__Directions for this task__: Pictures excluded, output the lines of the data below between the one holding "能力的に前目のMFとして使い" and the one holding "За помощью к", inclusive, exactly as they stand.

__Material for the task__:
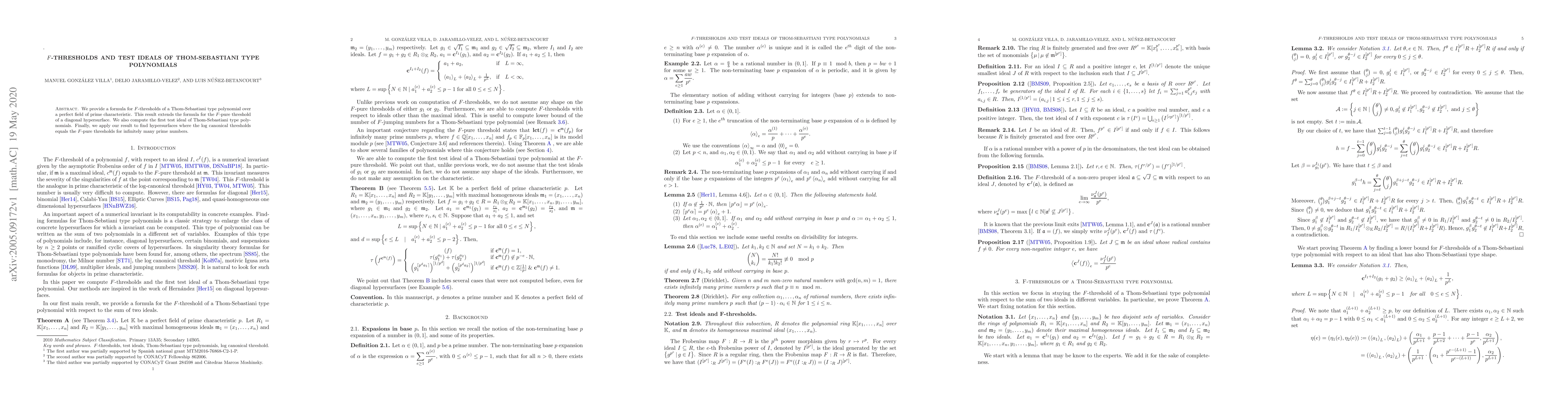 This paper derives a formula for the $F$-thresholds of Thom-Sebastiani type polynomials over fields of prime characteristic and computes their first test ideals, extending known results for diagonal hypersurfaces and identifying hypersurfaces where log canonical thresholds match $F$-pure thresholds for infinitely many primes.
* * *
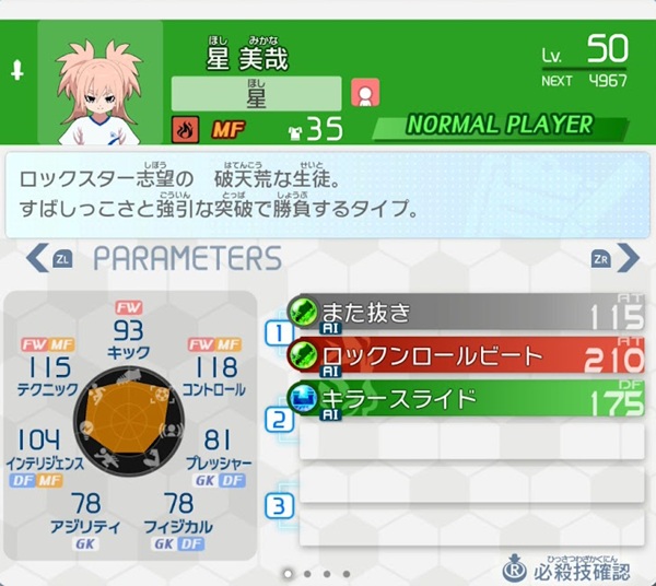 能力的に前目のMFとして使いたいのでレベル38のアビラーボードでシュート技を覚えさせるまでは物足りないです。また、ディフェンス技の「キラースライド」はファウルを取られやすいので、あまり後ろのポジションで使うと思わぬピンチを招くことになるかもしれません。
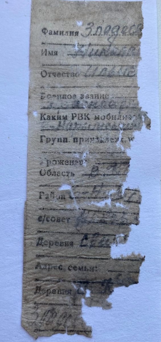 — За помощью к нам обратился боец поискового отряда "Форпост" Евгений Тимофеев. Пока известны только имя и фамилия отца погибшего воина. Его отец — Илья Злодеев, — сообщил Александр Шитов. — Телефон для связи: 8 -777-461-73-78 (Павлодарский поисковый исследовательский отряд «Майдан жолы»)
* * *
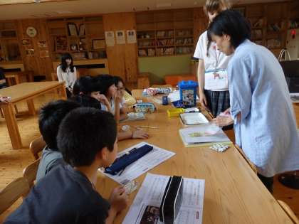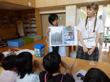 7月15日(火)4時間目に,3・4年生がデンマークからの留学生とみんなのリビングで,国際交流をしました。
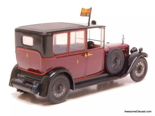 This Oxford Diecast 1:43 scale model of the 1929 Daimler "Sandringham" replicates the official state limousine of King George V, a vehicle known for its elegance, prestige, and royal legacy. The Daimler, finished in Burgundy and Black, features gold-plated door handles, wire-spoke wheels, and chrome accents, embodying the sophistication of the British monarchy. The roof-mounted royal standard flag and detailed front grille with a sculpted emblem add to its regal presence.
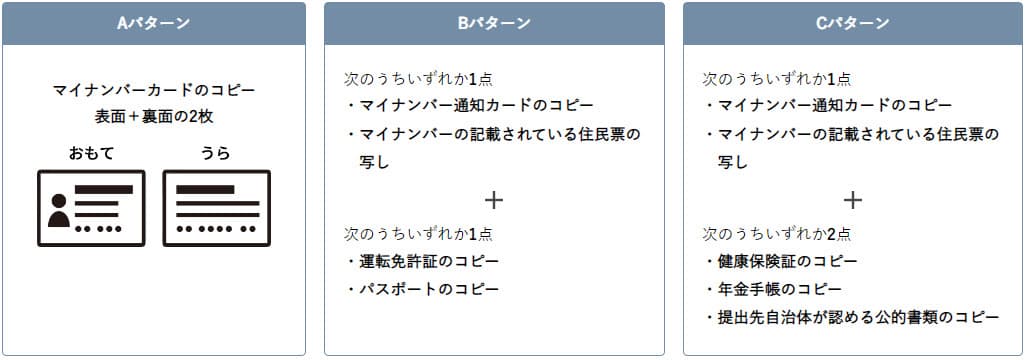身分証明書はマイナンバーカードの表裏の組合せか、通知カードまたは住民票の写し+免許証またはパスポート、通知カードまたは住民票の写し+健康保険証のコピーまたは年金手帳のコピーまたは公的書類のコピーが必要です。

__Exercise answer__:
 能力的に前目のMFとして使いたいのでレベル38のアビラーボードでシュート技を覚えさせるまでは物足りないです。また、ディフェンス技の「キラースライド」はファウルを取られやすいので、あまり後ろのポジションで使うと思わぬピンチを招くことになるかもしれません。
 — За помощью к нам обратился боец поискового отряда "Форпост" Евгений Тимофеев. Пока известны только имя и фамилия отца погибшего воина. Его отец — Илья Злодеев, — сообщил Александр Шитов. — Телефон для связи: 8 -777-461-73-78 (Павлодарский поисковый исследовательский отряд «Майдан жолы»)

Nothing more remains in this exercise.